They told us that they had caught the Copperhead after a ten-mile chase, and that he was badly hurt, for the wagon had upset and the fellow was beneath it. Ramsey asked my father to go at once to see what could be done for him.

The man, however, was quite dead when my father reached him. There was a purple mark around his neck: and the opinion seemed to be that he had got tangled up in the harness or something.


The war-time months went dragging by, and the burden of gloom in the air seemed to lift; for when the Chicago "Tribune" was read each evening in the post-office it told of victories on land and sea.
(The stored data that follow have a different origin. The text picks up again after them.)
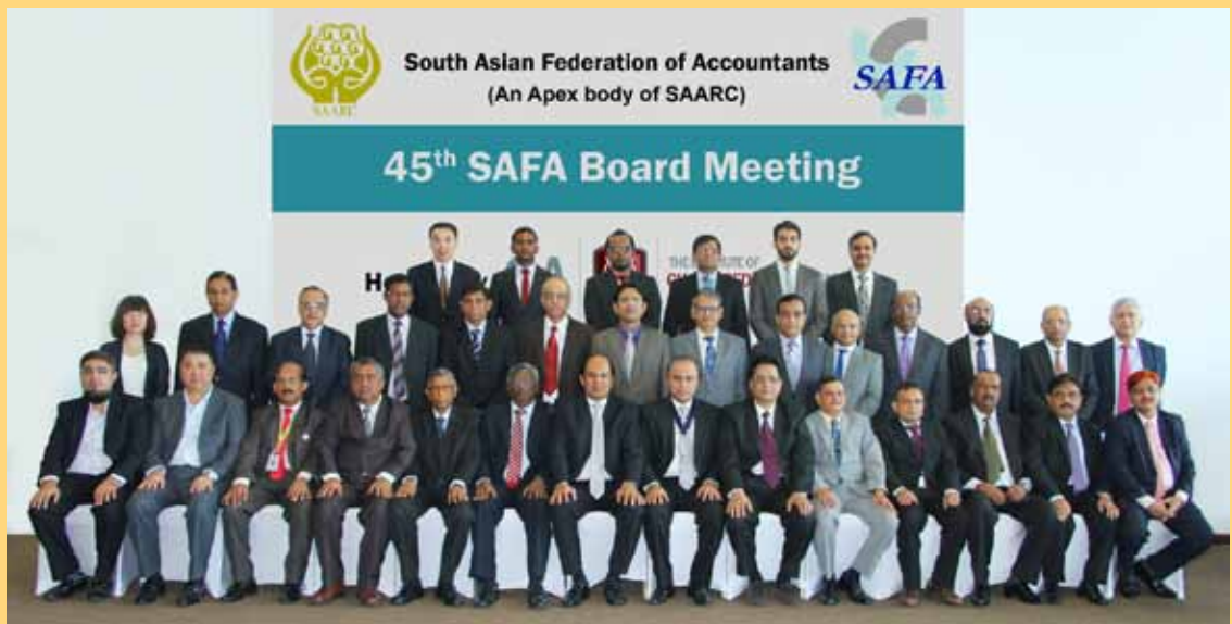
Group photo at 45th Board meeting of South Asian Federation of Accountants (SAFA) in Sri Lanka.
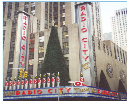
Radio City Music Hall
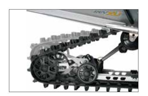
SC<sup>™</sup>-5U articulating rear suspension

New design, including taller lugs, significantly improves acceleration and deep snow performance.
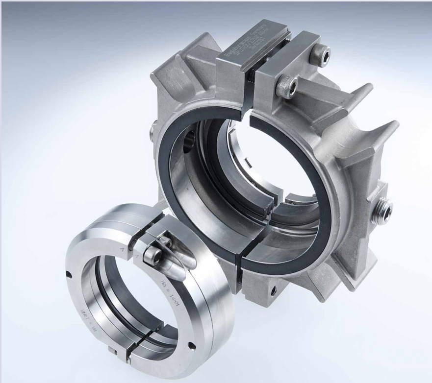
Splitex fully split seal
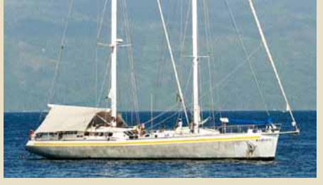
ANTSIVA Aluminium Centre board schooner 28.00 m 2004 10 guests 1,190,000 €
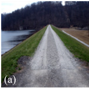
(a) Crest with a good cover that will reduce the effects of vehicular traffic.
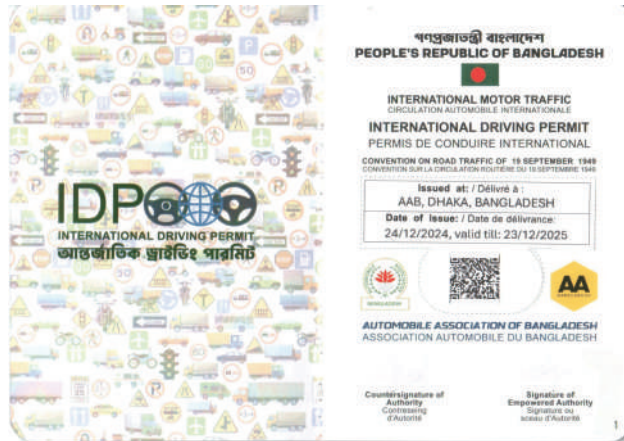
Inside - Dates & QR

By scanning the QR code your IDP can be verified through aabverify.online
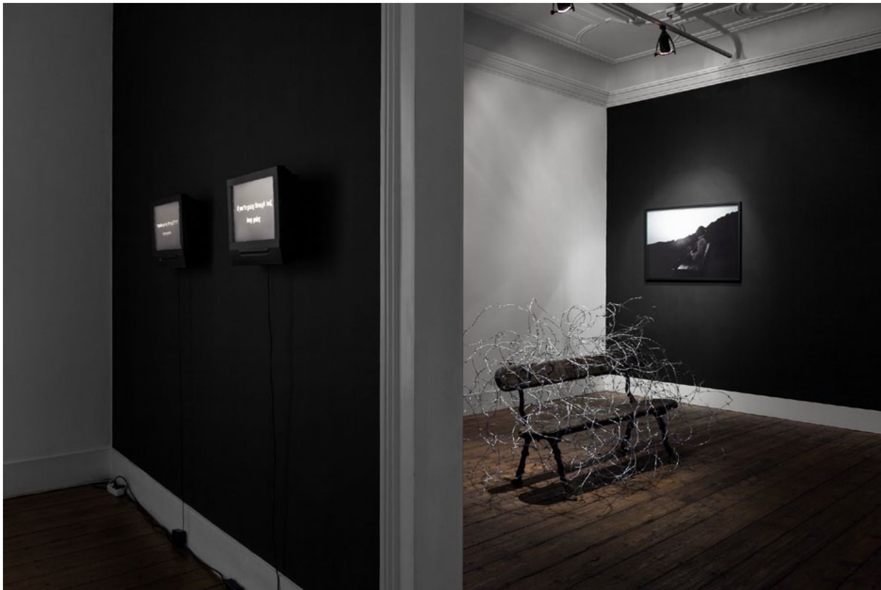
Vista da exposição: The American Sunset / Rui Calçada Bastos, Vera Cortês Art Agency, 2012 View of the exhibition: The American Sunset / Rui Calçada Bastos, Vera Cortês Art Agency, 2012
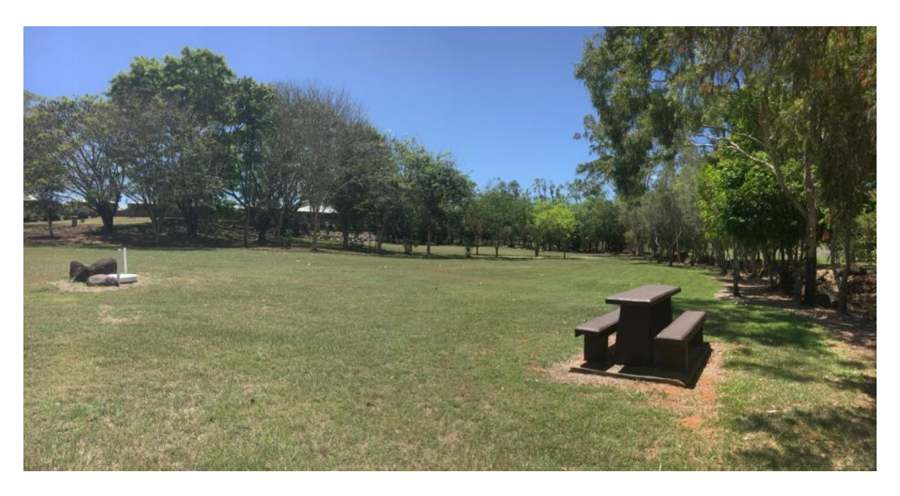
View from Keeble Street carpark
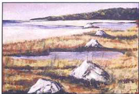
Low Tide, Cape Cod

Jim Seigler Houston, Texas "Low Tide, Cape Cod" Mixed Acrylic/Pastel 24x36
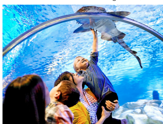
An aquarium inside the Mall of America
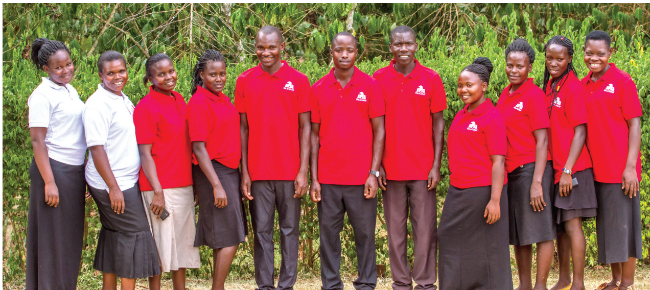
Teaching Staff for Wabinyira.
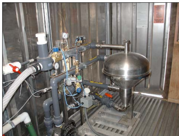
Figure 2. CFT Turboclone™ filter installed as prefilter to ultrafiltration.

Within two months of BVWD commitment, CFT installed a customized, self-contained mobile pilot unit with the proposed equipment (Figure 2).
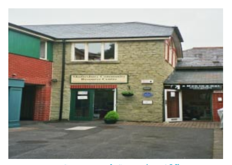
Swans Yard Community Office

facilitator for all local people and community groups. This will enable them to come together to have a voice in decision-making in strategic partnerships across Shaftesbury area and, in particular, assist them to secure appropriate resources to develop their own structures and projects.
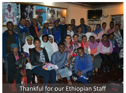
Thankful for our Ethiopian Staff
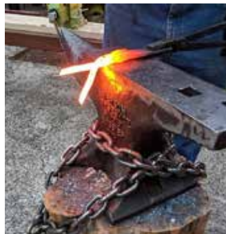
A rifle barrel is hammered into a trowel.

When the resolution “Affirming Guns to Gardens and Other Gun Violence Prevention Ministries” came to the floor of the United Church of Christ’s General Synod on the Fourth of July, support poured in. A former gun owner, a 911 operator, a delegate whose father had used a gun to commit murder, a former member of the military, a self-described conservative pastor and many more spoke in its favor. In fact, no one spoke against this resolution from the plenary floor.

Yet it was a joy not untinged with black; for in the church across from our house, funerals had been held for farmer boys who had died in prison-pens and been buried in Georgia trenches.

One youth there was, I remember, who had stopped to get a drink at our pump, and squirted a mouthful of water over me because I was handy.

One night the postmaster was reading aloud the names of the killed at Gettysburg, and he ran right on to the name of this boy. The boy's father sat there on a nail-keg, chewing a straw. The postmaster tried to shuffle over the name and on to the next.

"Hi! Wha—what's that you said?"

"Killed in honorable battle—Snyder, Hiram," said the postmaster with a forced calmness.

The boy's father stood up with a jerk. Then he sat down. Then he stood up again and staggered his way to the door and fumbled for the latch like a blind man.

"God help him! he's gone to tell the old woman," said the postmaster as he blew his nose on a red handkerchief.